Le second de 22 H 25 à quasiment minuit : “Sacrée croissance”, qui commente la cassure entre les décideurs politiques et une partie des populations. Il le fait en témoignant de plusieurs réalisations de productions autonomes “à la base”, “locales”, vraiment “écologiques”, de collectifs sur des territoires à Toronto, en Argentine, dans le Nordeste du Brésil, au Bhoutan, en Bavière … Ce qui frappe, c’est que ces réalisations en vrai grandeur depuis en moyenne une décennie réussissent, perdurent, à la satisfaction évidente de leurs acteurs. ET, elles ne sont pas “réduites” par le Deep power. Elles témoignent, dans des contextes très divers, qu’une tout autre pratique individuelle et collective de consommation, en décroissance, est possible. L’outrancier “il n’y a pas d’alternative” est une mystification, … et de nombreux chemins peuvent être pris.

Le troisième de 0 H 00 à 1 H 35 : “System Error”, qui déroule clairement la mise en évidence que les fameux algorithmes de nos systèmes d’IA décident eux-mêmes selon des logiques implacables, sans que nous autres humains qui les avons conçus et mis en route interviennent, … en l’occurrence en matière financière !

Le premier et le troisième dossier témoignent de l’actuelle puissance financière, quand il n’y a plus (au moins en Occident et alliés) de volonté politique consciente, des enjeux actuels globaux de notre planète et de notre humanité, assez puissante pour Agir. Peut-être la Chine, … les toutes prochaines années nous le diront. Le second film (Sacrée croissance !) permet donc quand même un peu d’espoir.

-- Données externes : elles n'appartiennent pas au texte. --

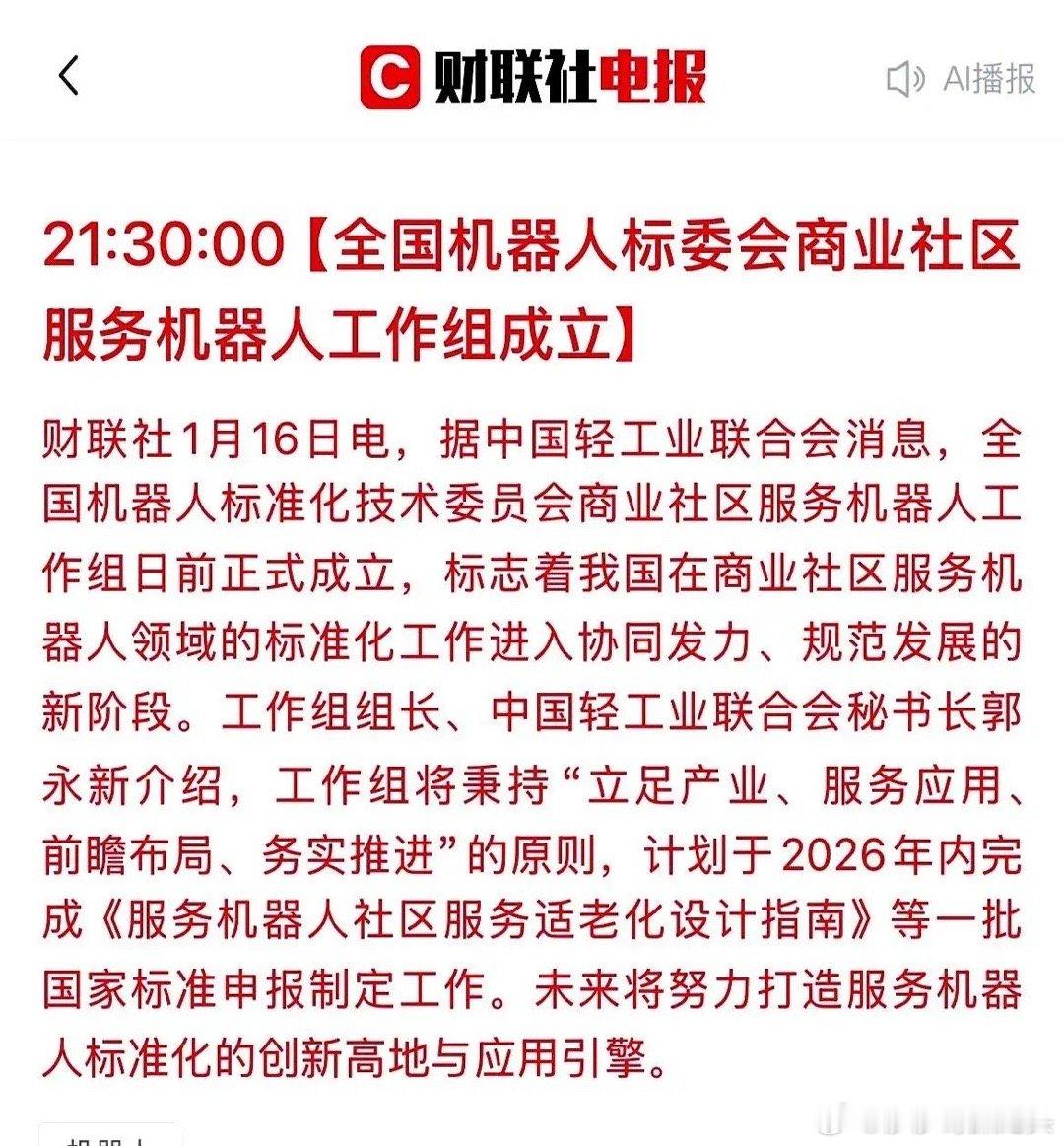 国家队下场了。一张A4纸,给整个机器人圈划了一条终点线:2026年之前,必须拿出能进社区、能帮老人的“适老化”机器人国家标准。潜台词很清楚:别再搞那些花里胡哨的了,先进考场,把这张卷子答了。为什么这么急?镜头拉到任何一个只有老人独自在家的客厅。午后的阳光照进来,一片安静,只能听到墙上挂钟滴答作响。老人想去阳台浇个花,扶着墙颤巍巍地站起来,走了两步,腿一软,差点摔倒。桌上的药瓶,伸手好几次才能够着。这就是考题。卷子,就摊在眼前。这张纸一出,等于直接终结了行业的“野蛮生长”。之前,各家公司都是凭着感觉造机器人,有的想让它送快递,有的想让它当保安,方向五花八门。而现在,一道强光打下来,直接照亮了赛道唯一的方向——去到那个独居老人的身边,在他起夜时能亮一盏灯扶一把,在他够不到药瓶时能稳稳递过去,在他想念子女时,一句话就能接通视频。一声枪响,几类选手立刻冲了出去。第一梯队,是那些本来就在造机器人的“全能选手”。它们本来就在机场、商场里跑,技术和产线都是现成的,现在只需要调转方向盘,对准“养老”这个新目的地,油门一踩就能出发。第二梯队,是那些看似“跨界”的“专科医生”。比如造智能床的,造康复器材的。它们可能不会造整个机器人,但它们手里攥着最核心的东西——关于“老”的数据。它们最懂一个老人的身体在什么状态下最舒服,最懂什么样的辅助能真正帮上忙。它们手里拿着的,是那份最关键的“用户说明书”。第三梯队,是最稳的“军火商”。造减速器的,造伺服电机的,造传感器的。它们不关心最后谁能跑到终点,因为无论谁跑,都得穿它们造的“跑鞋”,用它们产的“关节”和“眼睛”。跑道越热闹,它们的生意就越好。最后,是这场竞赛的“灵魂”。那些做人工智能、做语音交互的公司。它们负责给冰冷的钢铁躯壳,装上一个能听懂话、能聊上天的“大脑”。说白了,这不是什么高科技竞赛。这本质上是一场用冰冷的代码,去追赶我们父母老去速度的赛跑。

Alors, comme l’un des “”ploucs” qui s’exprime dans cette démonstration d’autres voies le démontre clairement : il faut arrêter de discuter, mettre en œuvre. Mais après “Comprendre”, pour “Agir”, il est indispensable de “Vouloir” !

Michel André Vallée       18 septembre 2019

LE DÉNI

Hier soir dimanche 1er septembre (déjà !) ARTE a donné le film « Sous le sable », de François Ozon en 2000, avec Charlotte Rampling et Bruno Crémer. À nos yeux un chef d’œuvre quand à la qualité cinématographique et au jeu des acteurs (toutes et tous), pas un cheveu de travers, mais surtout car c’est la plus exacte démonstration que j’ai encore trouvé de ce qu’est le déni. Dénier est tout autre chose que simplement nier. Nier est une simple tactique, dénier est un mécanisme construit apparemment « sincère ».

Cette femme ne peut accepter que cet homme ai disparu, et ce à un « moment » où elle n’a pas été présente, comme d’habitude au fond. Elle s’introjecte (mécanisme de défense le plus répandu après la projection) qu’il n’a pas disparu, qu’il n’est pas mort, car elle dénie la réalité de son propre jeu dans ce couple, … jeu évidemment inconscient. Nous savons que nos inconscients nous « gouvernent » bien plus que nos conscients mentalisés.

En fait, elle exprime (inconsciemment) la banalité qu’en croyant l’aimer, c’est elle qu’elle aime. Cela se passe là dans une bourgeoisie à l’aise, mais dans la réalité sociale se trouve dans tous les milieux. Et cela est un réel quasi-universel, presque tout autant que la mort est une des seules certitudes pour les vivants, et que la vie de chacun est en soi solitaire (ce qui ne contredit en rien les phénomènes de couples, de collectifs, de masses).

Cela lui coûte déjà cher à plus d’un titre dans le film, et continuera plus tard en pire dans sa vie, tant qu’elle ne sortira pas de ce double déni : il n’est pas mort + je n’y suis pour rien.

Un chef d’œuvre de film, mais aussi de psychosociologie, et de psychiatrie « ordinaire ». Partant de pédagogie pour tous.

Remarque : le déni est une pathologie non seulement pour les individus –personnes, mais aussi pour les collectifs (nous sommes les meilleurs !), pour les gouvernements des États (le vrai peuple nous aime, en tout cas la majorité, … contre tous les retours qui attestent du contraire), …

Se connaître dans les réalités, une des tâches les plus difficiles, … encore plus dans un temps de crise-mutation comme actuellement.

Et pourtant, le drame a eu lieu sur la côte atlantique au large de Mimizan, lieu de baignade connu pour être dangereux malgré les apparences, et le corps sera retrouvé avec des objets attestant l’identité du porteur.

La dernière minute du film relève du génie : bien observer la trajectoire de la course. Une fine touche des délires du déni.